If you list again, you’ll see that your device is now “Attached” compare to “Not shared” initially.

Important: When you unplug and replug the device, it is not attached anymore but on a “Shared” state meaning, you have to rerun the attach command to share it again. You need to add --auto-attach in the attach command line. But this is a blocking process. So it’s definitely something you should run on the background.

This is the basic principle. Of course, we want this totally transparent. So, we’ve been created an application that will take care of all this in the background! It’s the TestStream.Runner application.

Accessing serial port from WSL in a container

Hardware access can be challenging in a container. For this, the user under which the container is running (root in a case of docker or the current user in the case of podman for example) should have access to the hardware. It’s mainly about adding the user to the group.

Create a file named /etc/udev/rules.d/99-serial.rules. Add the following line to that file:

KERNEL=="ttyACM[0-9]*",MODE="0666"
KERNEL=="ttyUSB[0-9]*",MODE="0666"

This will give all users access to all the serial ports. You can be more selective of course. This is done for simplification. You can use sudo nano /etc/udev/rules.d/99-serial.rules to create/open the file for editing in the terminal. After adding the required content, press Ctrl+X, then press Y to confirm and save the file, followed by Enter to exit.

You will need then to exit WSL and restart WSL by running the command wsl --shutdown and then again wsl to reenter it.

Then, in the container, a volume pointing out on the hardware needs to to be set and the device cgroup rule needs to be adjusted.

As an example, the serial port from the previous example is mapped on /dev/ttyACM0 or /dev/ttyUSB0. Running the following command will show in which group the port is and the type of access:

> ls -al /dev/* | grep ttyACM
crw-rw-rw- 1 root dialout 166,   0 Sep 10 10:58 /dev/ttyACM0

In that case, the group is 166 and the access is already granted. It means that we can pass the following arguments to the container to make sure the access will work: --device-cgroup-rule='c 166:* rmw' -v /dev/ttyACM0:/dev/ttyACM0.

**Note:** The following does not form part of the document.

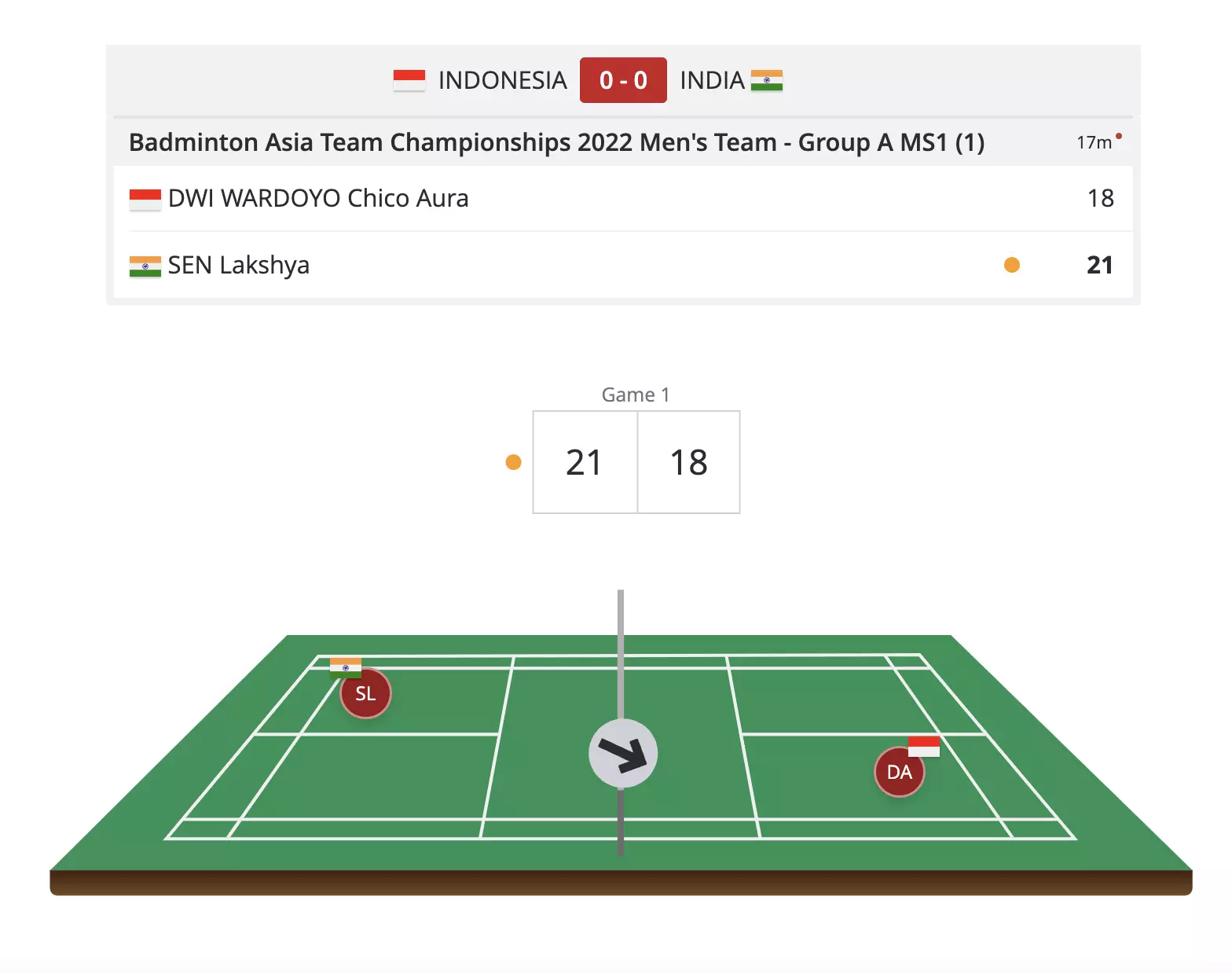 Tense battle going on in the Lakshya Sen match as the World Championship bronze medallist edged out narrowly to take the first game 21-18!

In the case the root user or the current user depending on the container engine you are running, you may have to add a rule. See this thread and jump to the summary to understand what needs to be done.

To export multiple ports, just add more rules and more volume mount.

Setting up custom Capabilities

We’ve mentioned before that an agent can be selected on capabilities. Some are system one and some can be custom. The core idea is to be able to set custom capabilities dynamically during the creation of the agent. And obviously not through the UI but programmatically. One more time, we are saved by the ADO API and we have all what we need. Bellow is the script used in the container when setting up the agent:

# setting up the capabilities
AZP_POOL_AGENTS=$(curl -LsS -u user:$(cat "${AZP_TOKEN_FILE}") \
  -H "Accept:application/json;" \
  "${AZP_URL}/_apis/distributedtask/pools?poolName=${AZP_POOL}&api-version=7.2-preview.1")
AZP_POOL_ID=$(echo "${AZP_POOL_AGENTS}" | jq -r ".value[0].id")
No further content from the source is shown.